Get Oracle CDC Source Connector

Unzip to confluentinc-kafka-connect-oracle-cdc (and remove any trailing version numbers)

unzip ~/Downloads/confluentinc-kafka-connect-oracle-cdc-1.0.3.zipmv confluentinc-kafka-connect-oracle-cdc-1.0.3 confluentinc-kafka-connect-oracle-cdc

Get Oracle Docker

  • log into https://hub.docker.com/
  • search “oracle database”
  • click on “Oracle Database Enterprise Edition”
  • click on “Proceed to Checkout”
  • fill in your contact info on the left, check two boxes under “Developer Tier” on the right, click on “Get Content”

You should now be able to download an Oracle Docker image

docker login --username YourDockerUserName --password-stdin
<<Enter your password>>
docker pull store/oracle/database-enterprise:12.2.0.1

Docker Startup

docker-compose up -d

Setup Oracle Docker

First, ensure the database looks like it’s finished starting up (docker-compose logs -f oracle) and then run the following (for the curious, the SQL script is here )

docker-compose exec oracle /scripts/go_sqlplus.sh /scripts/oracle_setup_docker

Sample Data

The EMP table

Connector Configuration

curl -s -X GET -H 'Content-Type: application/json' http://localhost:8083/connector-plugins | jq '.'

And look for an occurrence of "class": "io.confluent.connect.oracle.cdc.OracleCdcSourceConnector"

All good — now it’s time to establish the SimpleOracleCDC connector. This configuration will initially snapshot the EMP table, and then listen to all redo activity (DML and DDL) against this table.

curl -s -X POST -H 'Content-Type: application/json' --data @SimpleOracleCDC.json http://localhost:8083/connectors | jq

Check the status of the connector. You may need to wait a minute or so for the status to show up

curl -s -X GET -H 'Content-Type: application/json' http://localhost:8083/connectors/SimpleOracleCDC/status | jq

Check topic

kafka-avro-console-consumer --bootstrap-server localhost:9092 --topic ORCLCDB.C__MYUSER.EMP --from-beginning

Or if you don’t have the Kafka tools installed, you can launch kafka-avro-console-consumer via a container like (yes; this is all one line)

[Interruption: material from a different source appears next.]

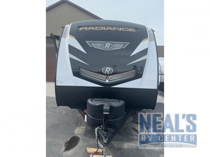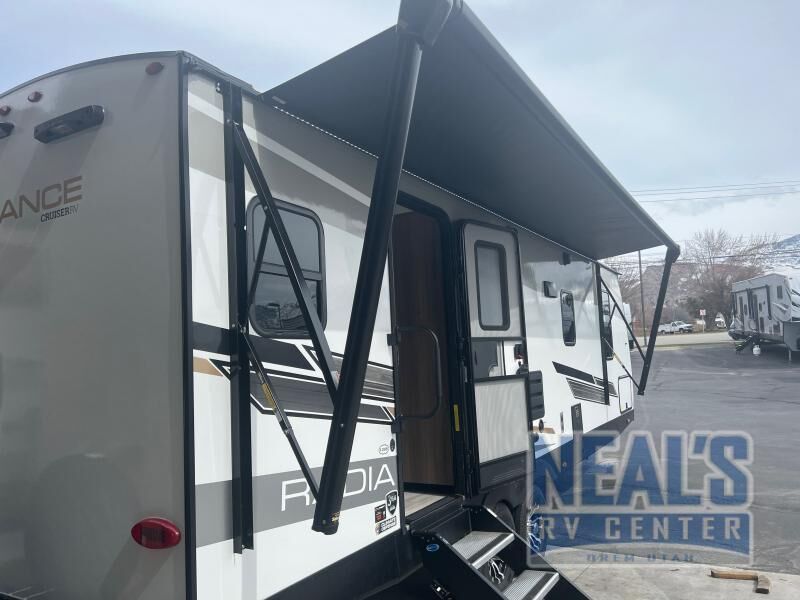 With each Radiance travel trailer by Cruiser you will appreciate the durable construction provided by the Azdel composite laminated walls, the block foam insulation, and the 5-sided aluminum construction. The black-out roller shades in the living area will provide privacy while you're at the campground, and the plywood flooring is made to last through years of camping memories. You will love the seamless countertops, the residential-style free-standing furniture with top-sticking, and the patent pending king bed slide system for added room on each side of the bed. The exterior is sure to turn heads with its high-gloss exterior fiberglass front cap with LED lighting, and the triple entry steps include courtesy lighting for safe footing when loading your gear. When you want to camp in luxury, choose a Radiance travel trailer by Cruiser!

docker-compose exec kafka-connect kafka-avro-console-consumer --bootstrap-server kafka:29092 --property schema.registry.url="http://schema-registry:8081" --topic ORCLCDB.C__MYUSER.EMP --from-beginning

The (simplified) output of kafka-avro-console-consumer should look something like. Four rows initially from the table are four records in Kafka

{"I":"\u0001","NAME":{"string":"Bob"}}
{"I":"\u0002","NAME":{"string":"Jane"}}
{"I":"\u0003","NAME":{"string":"Mary"}}
{"I":"\u0004","NAME":{"string":"Alice"}}

Schema

curl -s -X GET http://localhost:8081/subjects/ORCLCDB.C__MYUSER.EMP-value/versions/1 | jq -r .schema | jq .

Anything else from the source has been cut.